Recent developments in web applications have drastically increased levels of participation on the Internet. This trend is characterized by the ability of users to actively share and create content. Henry Jenkins has conceptualized this shift as part of a participatory culture now shaping the Internet. This shift has also been referred to as Web 2.0, a term denoting an updated or improved version of the web, centred on interactivity and user-generated content. Given this restructured version of the Internet, much of the discourse surrounding its use entails accounts of agency and empowerment.

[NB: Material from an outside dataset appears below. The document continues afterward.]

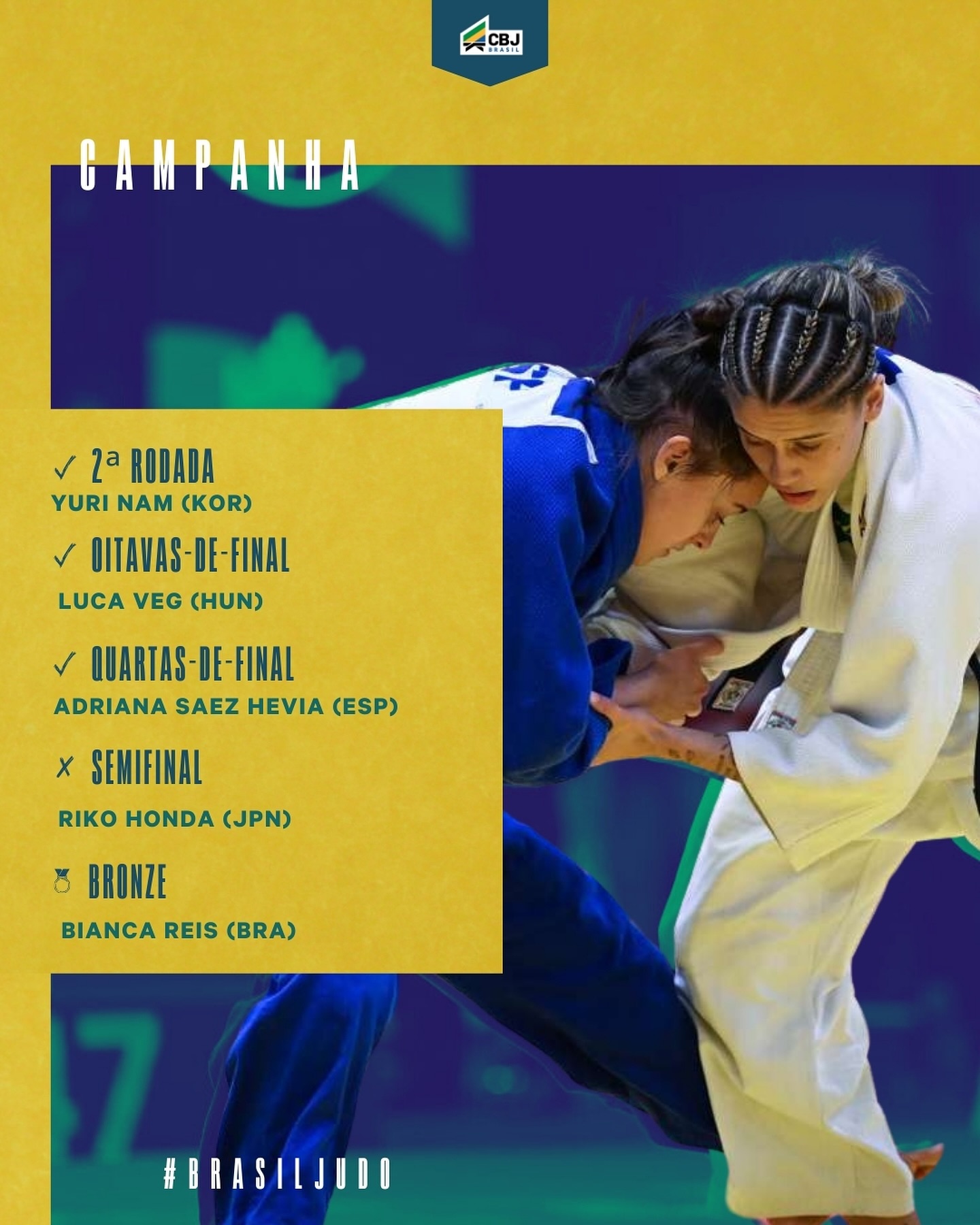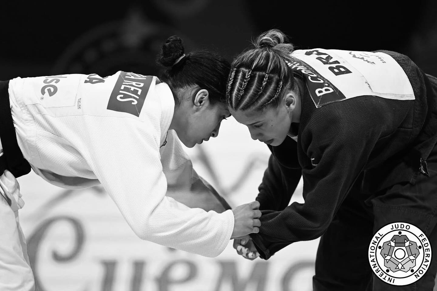 A brasileira fez ótima campanha nas preliminares, com três vitórias, e na luta do bronze parou no waza-ari da compatriota Bianca Reis

Despite the beneficial, user-centred rhetoric surrounding participatory culture, the extent to which new mechanisms of power permeate this interactive environment continue to be under-investigated. Certain characteristics inherent in Web 2.0 open doors for power and control to operate in ways that need more attention. The willingness of individuals to divulge vast amounts of personal information is troublesome, particularly in light of those attempting to manipulate this free flow of information, essentially capitalizing on the participatory nature of the Internet. Thus, before embracing the benefits of participatory culture, it is necessary to consider the forces that threaten it.
"Participatory Culture and the Hidden Costs of Sharing,"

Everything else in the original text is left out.